Population (2018-01-01)
- • Total: 23,580
- • Density: 294.3/km^{2} (762.2/sq mi)
- Postal codes: 8020
- NIS code: 31022
- Area codes: 050
- Website: www.oostkamp.be

= Oostkamp =

Oostkamp (/nl/; Ôostkamp) is a municipality located in the Belgian province of West Flanders. The municipality comprises the villages of Hertsberge, Oostkamp proper, Ruddervoorde and Waardamme. On January 1, 2019, Oostkamp had a total population of 23,698. The total area is 79.65 km² which gives a population density of 289 inhabitants per km².

==History==
The name Oostkamp comes from the Medieval name Orscamp, meaning place of the horses. The old word ors is a cognate of the English word horse.
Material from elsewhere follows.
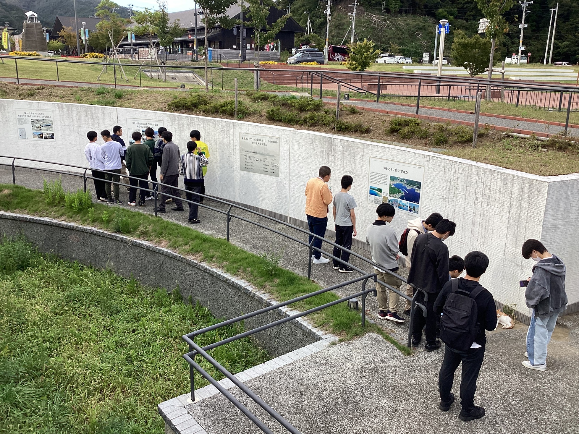 本日は朝早くから、南三陸町と女川町を訪問しました。午前8時にバスで出発後、バスガイドの方から、仙台東部道路が津波の防波堤となったことや、キリンビールのタンクが流されたという被害についてご説明いただきました。南三陸町に近づくにつれて、隆起した道路や津波の到達を示す印を目にし、震災の爪痕を実感いたしました。 午前10時、南三陸町に到着いたしました。最初に「南三陸町震災復興祈念公園」を訪れ、かさ上げされた土地に設けられた慰霊の場で、震災の記憶と復興への思いを感じ取ることができました。津波で被災し、鉄道がBRT(バス高速輸送システム)に転換された旧志津川駅の跡地も確認いたしました。 続いて「南三陸ポータルセンター」で語り部の方からお話を伺いました。神奈川県出身の語り部の方は、震災後のボランティア活動を通して地元の人に励まされ、移住して起業支援に携わるようになったご経験をお話しくださいました。その後、生徒たちは「南三陸さんさん商店街」で地元グルメを堪能いたしました。 午後は女川町へ移動し、「シーパルピア女川」を中心にフィールドワークを行いました。「防潮堤を作らないまちづくり」や「コンパクトシティ」構想について学び、津波の浸水想定区域を3段階に分けた土地利用の工夫を理解いたしました。中心市街地に商業施設を集約し、高台の住宅地と分けることで、賑わいと安全性を両立させていることを知りました。女川町の中学生が発案した「いのちの石碑」が、震災の教訓を未来に伝える役割を担っていることも学びました。 漁業復興においては、カタールから支援された巨大冷蔵庫「マスカー」の役割や、復興に向けた人々の尽力を知りました。震災遺構である旧女川交番も見学し、津波の破壊力を改めて感じました。ワークシートで学びを振り返った後、120分かけてホテルの帰路につきました。

===Oostkamp during World War II===
The Canadian 4th Armoured Division liberated the village on 8 September 1944 (World War II) during the Battle of Moerbrugge. A monument was erected by the Ghent-Bruges Canal to honour the 53 Canadian casualties.

===Fusion of 1977===
After the passing of the Unitary Law, the four villages of Oostkamp proper, Hertsberge, Ruddervoorde and Waardamme became the municipality of Greater Oostkamp.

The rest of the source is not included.